-- AVAILABLE DATA follows --

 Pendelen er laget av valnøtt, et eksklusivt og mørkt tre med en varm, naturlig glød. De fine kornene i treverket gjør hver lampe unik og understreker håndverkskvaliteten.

-- AVAILABLE DATA concluded --
-- AVAILABLE DATA follows --

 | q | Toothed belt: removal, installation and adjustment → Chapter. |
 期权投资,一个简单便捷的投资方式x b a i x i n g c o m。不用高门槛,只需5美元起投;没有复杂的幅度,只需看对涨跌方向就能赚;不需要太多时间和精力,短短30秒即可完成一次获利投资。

-- AVAILABLE DATA concluded --
-- AVAILABLE DATA follows --

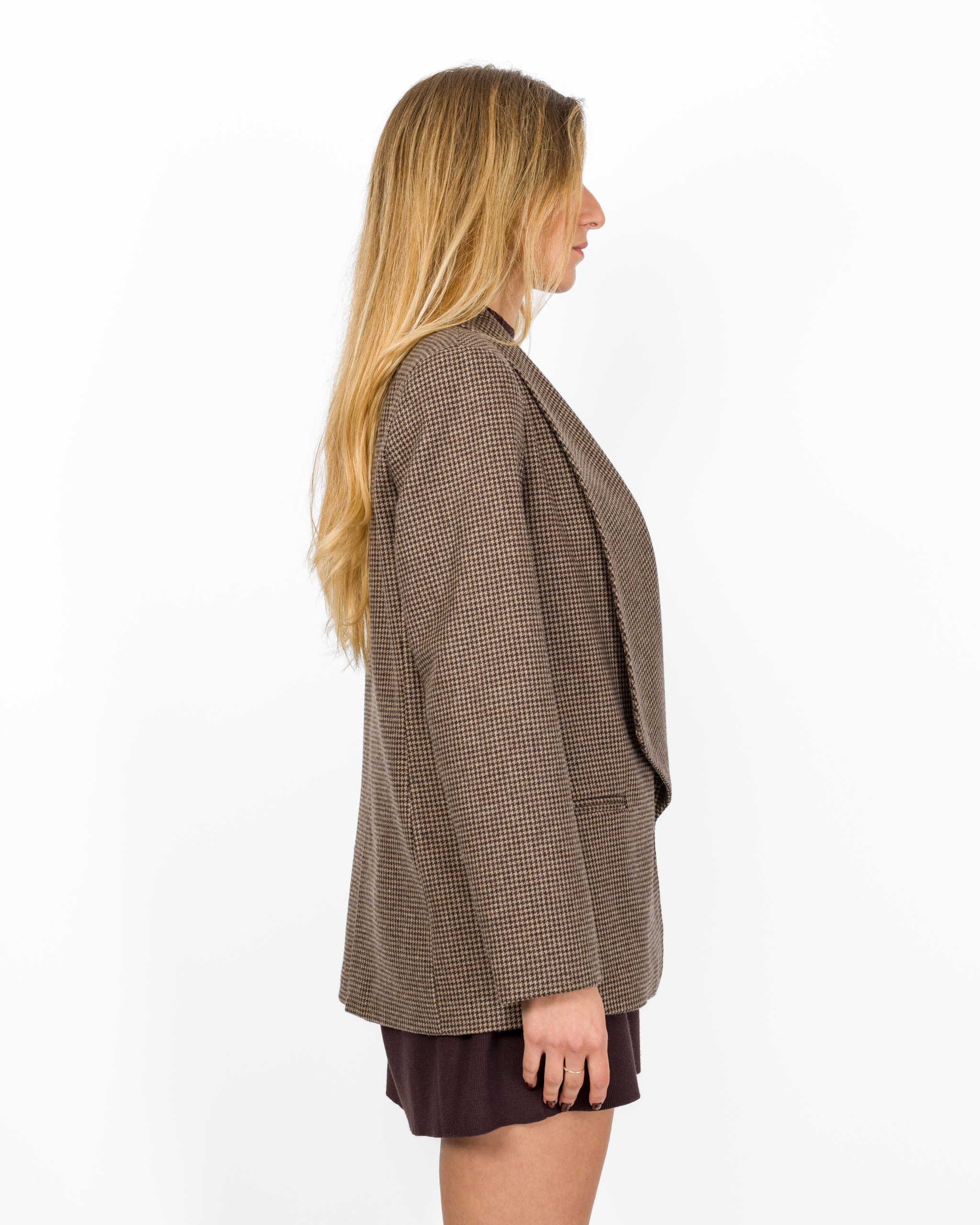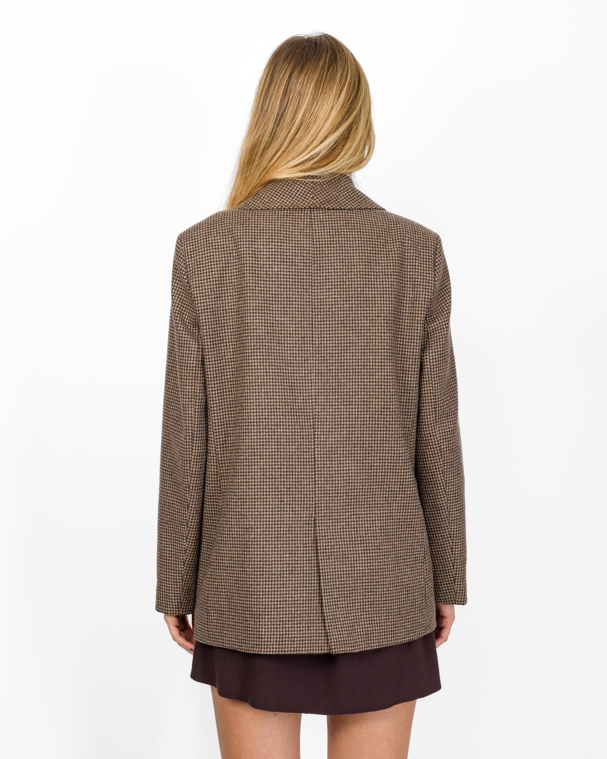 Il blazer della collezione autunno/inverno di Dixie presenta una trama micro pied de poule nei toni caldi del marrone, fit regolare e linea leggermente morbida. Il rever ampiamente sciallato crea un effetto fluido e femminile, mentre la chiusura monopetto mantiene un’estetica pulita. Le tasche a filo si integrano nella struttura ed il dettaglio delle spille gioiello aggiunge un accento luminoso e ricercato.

-- AVAILABLE DATA concluded --

Take the line above containing "adjustment → Chapter. |", the line containing "期权投资,一个简单便捷的投资方式x b a", and all lines in between, and copy them exactly without anything else.

 | q | Toothed belt: removal, installation and adjustment → Chapter. |
 期权投资,一个简单便捷的投资方式x b a i x i n g c o m。不用高门槛,只需5美元起投;没有复杂的幅度,只需看对涨跌方向就能赚;不需要太多时间和精力,短短30秒即可完成一次获利投资。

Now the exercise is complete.